I need one of the following:

a) clear instructions to use the built-in tools in Word to do what I want
b) a reference that a complete VB noob can use to build a multi-select dropdown listbox -- fast.

Can anyone help with one or the other?
posted by angiep to Computers & Internet (4 answers total) 1 user marked this as a favorite
 
This may not be as elegant, but what about just using a list with check boxes (from the forms toolbar) for each item?

Please select you choice of color(s) (choose all that apply):
--checkbox-- red
--checkbox-- green
--checkbox-- yellow
--checkbox-- blue
etc.
posted by jeoc at 10:48 AM on May 27, 2009


Response by poster: Thanks, jeoc. I'd already decided to do that if I can't get the dropdown list to work. Unfortunately, my list is much longer than half a dozen colours, and the text for each choice is a 5-10 word sentence. I was looking for something that would be a little more elegant.

I'm caught in the old trap of good-fast-cheap, where only two of them can work at any one time.

Thanks for trying to help, though!
posted by angiep at 11:01 AM on May 27, 2009


Best answer: I've done this in MS Access. Here's a link to a helpful bunch of VB code to do it there.

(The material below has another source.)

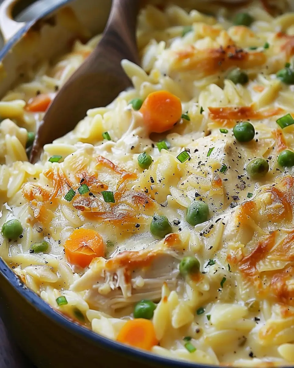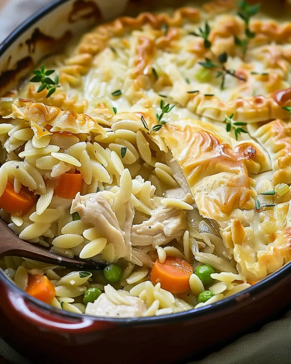 Remember, no matter which ingredients you choose, the essence of Cozy Chicken Pot Pie Orzo lies in its heartwarming flavors and comforting textures, making it suitable for any occasion. Happy cooking!

The challenge with multi-selection list boxes is that you have to figure out how the data will be stored. With a single selection, it's simple - you just have the selection go into one variable. With multiple selections possible, you don't know how many variables you'll need. People might choose one, all, or none of the selections. In Access/VBA coding, the way you do it is loop through all the items in the list to see which ones were selected, and as you're doing that, you keep adding each selection to a string that ultimately becomes a clause in a SQL query. I suppose you could use a similar strategy in Word, except the extended string becomes what's stored in the variable. Your next challenge though would be to figure out how to extract and use the string data that would be "red yellow orange" for one person and "blue orange purple" for the other.
posted by jasper411 at 11:05 AM on May 27, 2009


Response by poster: Thanks so much, Jasper! The site you referenced is super.